Task requirements
Although the data below contains pictures, please reproduce only its words, exactly.

Data section
• • • • • • •

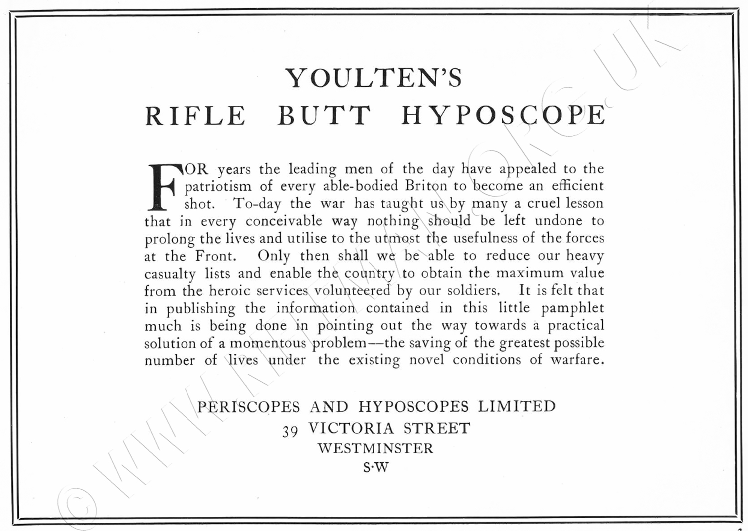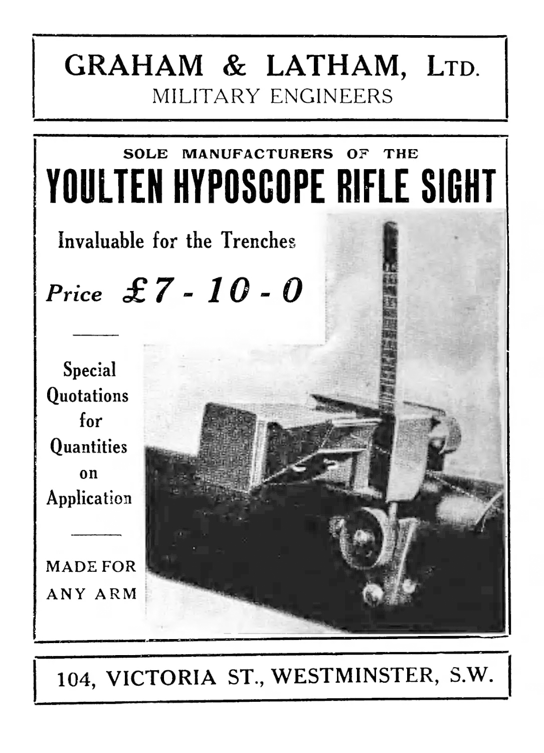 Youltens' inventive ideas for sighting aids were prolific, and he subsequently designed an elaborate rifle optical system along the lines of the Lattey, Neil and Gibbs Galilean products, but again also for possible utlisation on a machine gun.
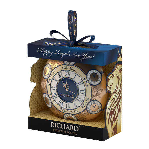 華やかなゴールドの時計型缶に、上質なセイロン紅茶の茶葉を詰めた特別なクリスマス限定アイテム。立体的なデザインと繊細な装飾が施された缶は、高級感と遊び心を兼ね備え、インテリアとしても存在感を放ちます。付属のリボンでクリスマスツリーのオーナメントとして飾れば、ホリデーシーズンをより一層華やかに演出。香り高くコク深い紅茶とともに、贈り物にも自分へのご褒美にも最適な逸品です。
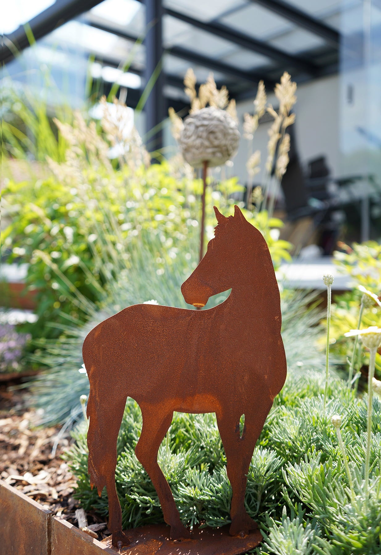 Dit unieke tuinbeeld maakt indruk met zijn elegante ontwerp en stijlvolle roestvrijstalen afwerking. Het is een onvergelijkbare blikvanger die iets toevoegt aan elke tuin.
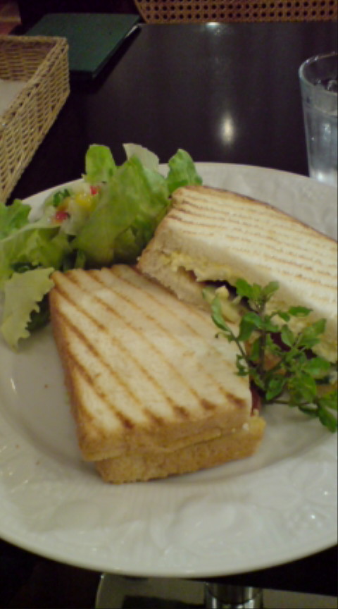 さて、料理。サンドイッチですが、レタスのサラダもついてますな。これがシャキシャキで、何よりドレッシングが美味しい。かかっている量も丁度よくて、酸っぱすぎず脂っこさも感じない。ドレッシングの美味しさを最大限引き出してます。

• • • • • • •

Exercise response
 Youltens' inventive ideas for sighting aids were prolific, and he subsequently designed an elaborate rifle optical system along the lines of the Lattey, Neil and Gibbs Galilean products, but again also for possible utlisation on a machine gun.
 華やかなゴールドの時計型缶に、上質なセイロン紅茶の茶葉を詰めた特別なクリスマス限定アイテム。立体的なデザインと繊細な装飾が施された缶は、高級感と遊び心を兼ね備え、インテリアとしても存在感を放ちます。付属のリボンでクリスマスツリーのオーナメントとして飾れば、ホリデーシーズンをより一層華やかに演出。香り高くコク深い紅茶とともに、贈り物にも自分へのご褒美にも最適な逸品です。
 Dit unieke tuinbeeld maakt indruk met zijn elegante ontwerp en stijlvolle roestvrijstalen afwerking. Het is een onvergelijkbare blikvanger die iets toevoegt aan elke tuin.
 さて、料理。サンドイッチですが、レタスのサラダもついてますな。これがシャキシャキで、何よりドレッシングが美味しい。かかっている量も丁度よくて、酸っぱすぎず脂っこさも感じない。ドレッシングの美味しさを最大限引き出してます。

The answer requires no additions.